"Many people feel they must multi-task because everybody else is multitasking, but this is partly because they are all interrupting each other so much"
About this Quote
Marilyn vos Savant skewers multitasking not as a heroic skill but as a social contagion. The line’s neat twist is its diagnosis of the “need” to multitask as peer pressure masquerading as productivity. People don’t juggle five things because they’ve discovered a superior way to think; they do it because the room has become a pinball machine of pings, requests, and status-checks. Multitasking, in her framing, is often just coping with a noisy environment we’ve collectively normalized.
The subtext is a rebuke to the self-congratulatory culture of busyness. “Everybody else is multitasking” is the modern workplace’s oldest alibi: if everyone is scattered, no one has to admit that the system is broken. Vos Savant’s sharper move is to locate the cause upstream: interruption. The problem isn’t merely individual discipline; it’s the network effect of constant reachability. When everyone can tap everyone at any moment, the default state becomes fractured attention, and “multitasking” becomes a polite label for being perpetually derailed.

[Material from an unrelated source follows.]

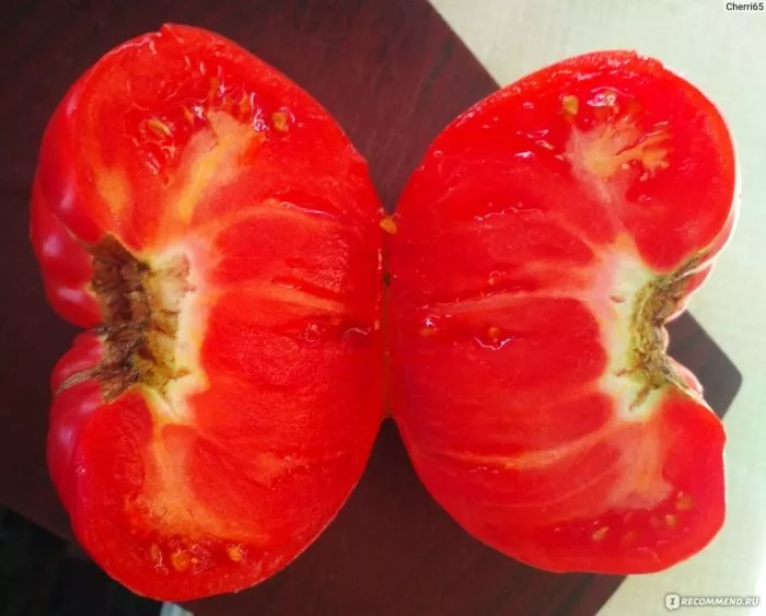 Мякоть отличается высокой плотностью и мясистостью, при разрезе сахаристая. Количество семенных камер небольшое, семян мало, что увеличивает долю полезной мякоти. Кожица тонкая, но достаточно плотная, чтобы предохранять плод от растрескивания при стабильном поливе. Однако ее прочности недостаточно для механизированной уборки или длительных перевозок.
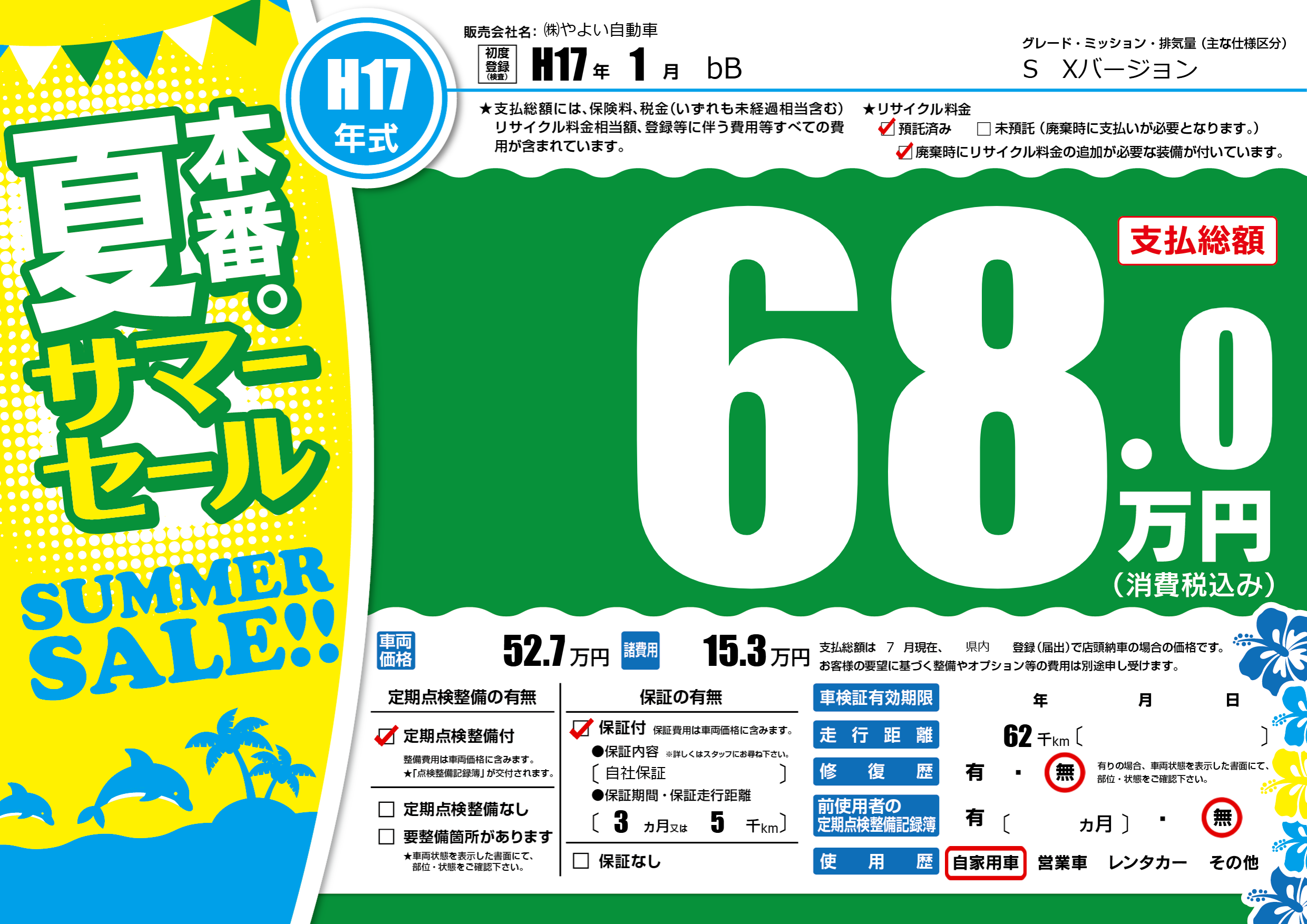 | 走行キロ | 6.2万km | 初年度登録 | H17年1月 |

Context matters here: vos Savant built a public reputation on clearheaded reasoning, the kind that punctures fashionable assumptions. Her intent isn’t to romanticize deep work as a lifestyle brand; it’s to show how incentives and norms manufacture mental fragmentation. The quote works because it flips the moral valence: multitasking isn’t evidence of competence, it’s evidence of an ecosystem that confuses motion for progress and calls the resulting stress “efficient.”
The subtext is a rebuke to the self-congratulatory culture of busyness. “Everybody else is multitasking” is the modern workplace’s oldest alibi: if everyone is scattered, no one has to admit that the system is broken. Vos Savant’s sharper move is to locate the cause upstream: interruption. The problem isn’t merely individual discipline; it’s the network effect of constant reachability. When everyone can tap everyone at any moment, the default state becomes fractured attention, and “multitasking” becomes a polite label for being perpetually derailed.
Context matters here: vos Savant built a public reputation on clearheaded reasoning, the kind that punctures fashionable assumptions. Her intent isn’t to romanticize deep work as a lifestyle brand; it’s to show how incentives and norms manufacture mental fragmentation. The quote works because it flips the moral valence: multitasking isn’t evidence of competence, it’s evidence of an ecosystem that confuses motion for progress and calls the resulting stress “efficient.”